AIM OF THE EXERCISE. For this exercise, copy all the data exactly and include none of the pictures.

EXERCISE DATA Block Start

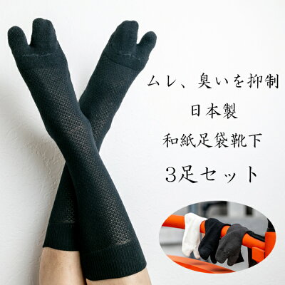 3足組 セット 和紙ロング足袋靴下 送料無料 日本製 消臭 蒸れない 抗菌防臭 通気性 パイル地 クッション性 足の負担を緩和 姿勢 歩行 冠婚葬祭 ドライタッチ ビジネス カジュアル 吸汗速乾 履きやすい 履き心地 フォーマル ソックス 黒 白 グレー メンズ フリー ユニセックス お得な3足セット!正しい姿勢や歩行等をサポート!足への負担を緩和、ムレ、臭いを抑える和紙足袋靴下。
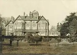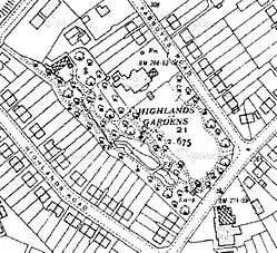 Highlands House was built in 1897 for the banker Joseph Bevan Braithwaite (1855-1934) who is thought to have designed the gardens. The house was south facing on high ground that overlooked Leicester Road, New Barnet. Braithwaite was an amateur astronomer who had a copper-domed observatory built at the house with a telescope on rails offering 360 degree views of the sky.[3] During the Second World War, the dome was painted black in order to prevent it being visible to enemy aircraft in moonlight.[1]
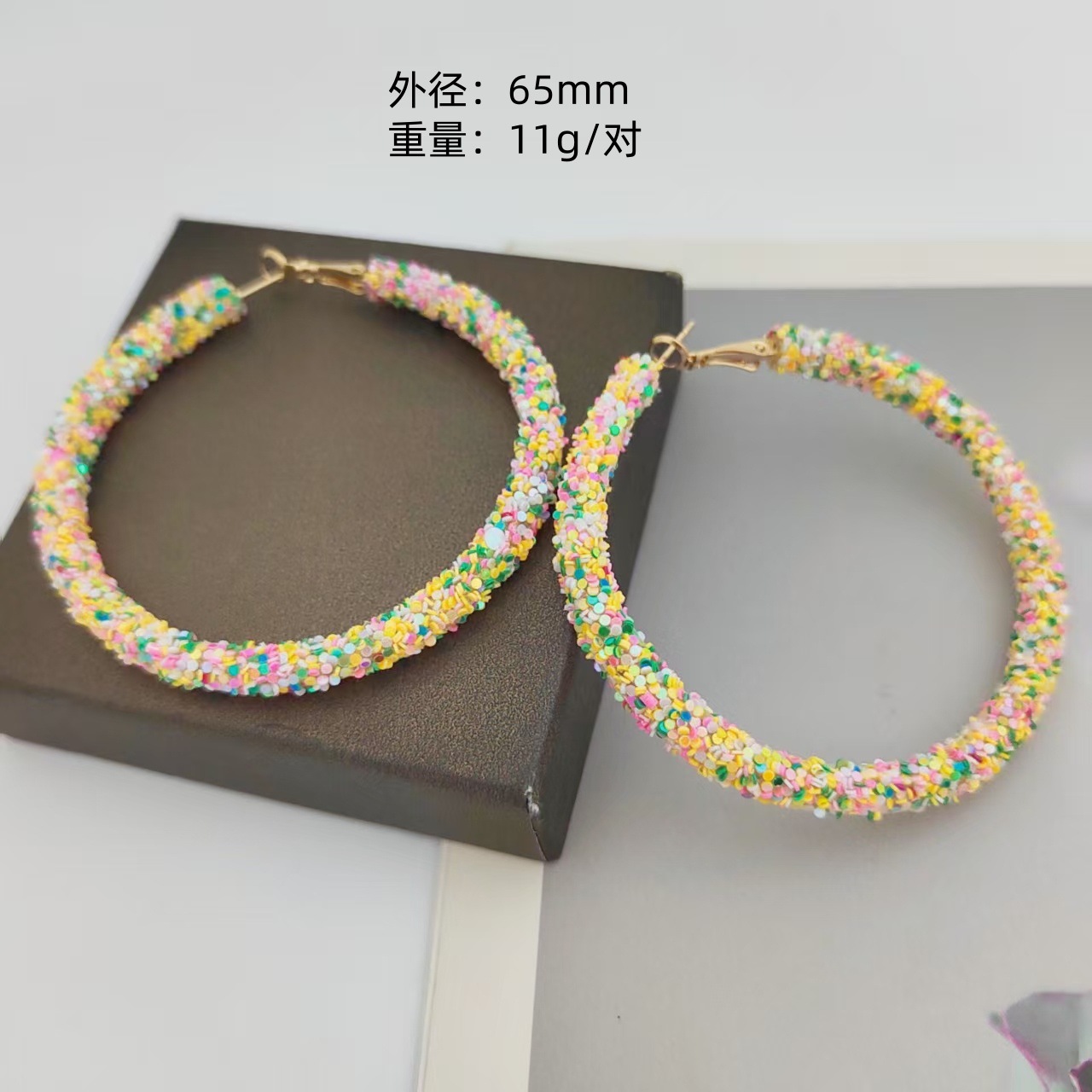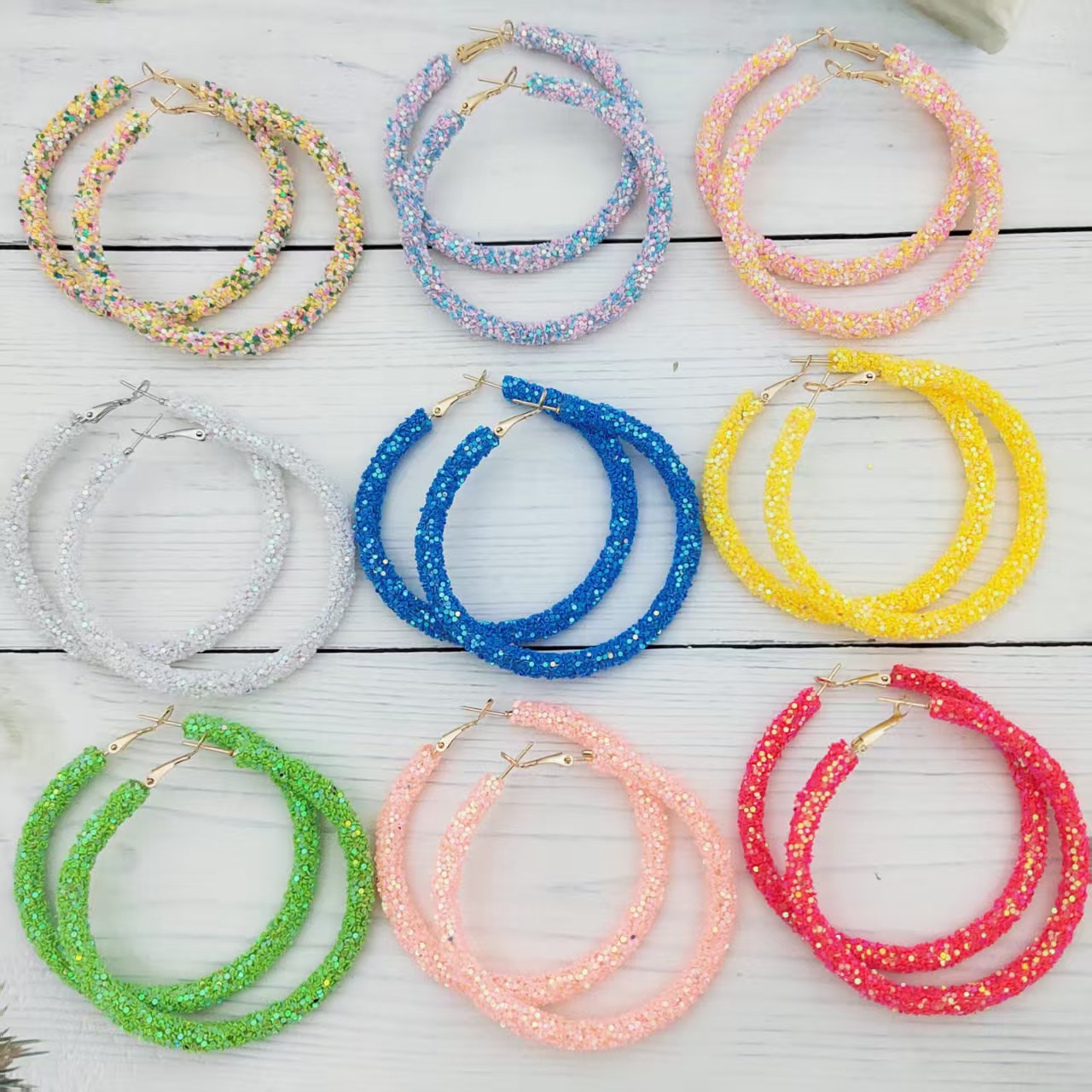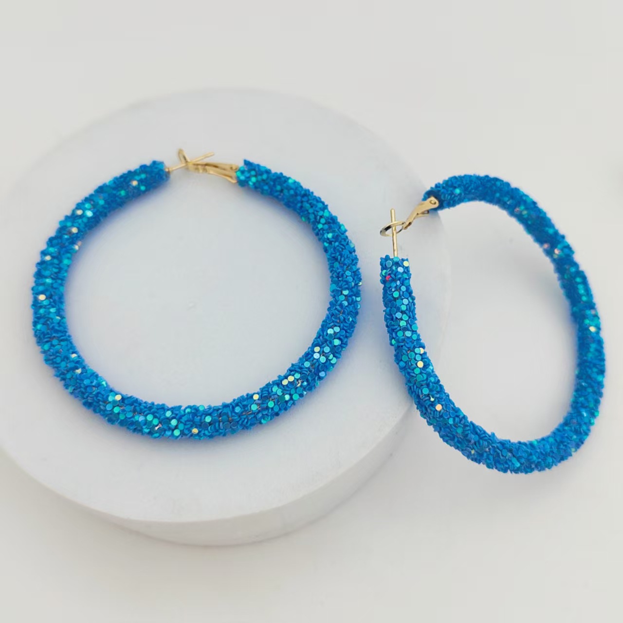 欧米風誇張スパンコール大丸型イヤリング おしゃれなカラフルスパンコールキャンディーカラー個性派レディースイヤリング

EXERCISE DATA Block End

RESPONSE TO THIS TASK.
 3足組 セット 和紙ロング足袋靴下 送料無料 日本製 消臭 蒸れない 抗菌防臭 通気性 パイル地 クッション性 足の負担を緩和 姿勢 歩行 冠婚葬祭 ドライタッチ ビジネス カジュアル 吸汗速乾 履きやすい 履き心地 フォーマル ソックス 黒 白 グレー メンズ フリー ユニセックス お得な3足セット!正しい姿勢や歩行等をサポート!足への負担を緩和、ムレ、臭いを抑える和紙足袋靴下。
 Highlands House was built in 1897 for the banker Joseph Bevan Braithwaite (1855-1934) who is thought to have designed the gardens. The house was south facing on high ground that overlooked Leicester Road, New Barnet. Braithwaite was an amateur astronomer who had a copper-domed observatory built at the house with a telescope on rails offering 360 degree views of the sky.[3] During the Second World War, the dome was painted black in order to prevent it being visible to enemy aircraft in moonlight.[1]
 欧米風誇張スパンコール大丸型イヤリング おしゃれなカラフルスパンコールキャンディーカラー個性派レディースイヤリング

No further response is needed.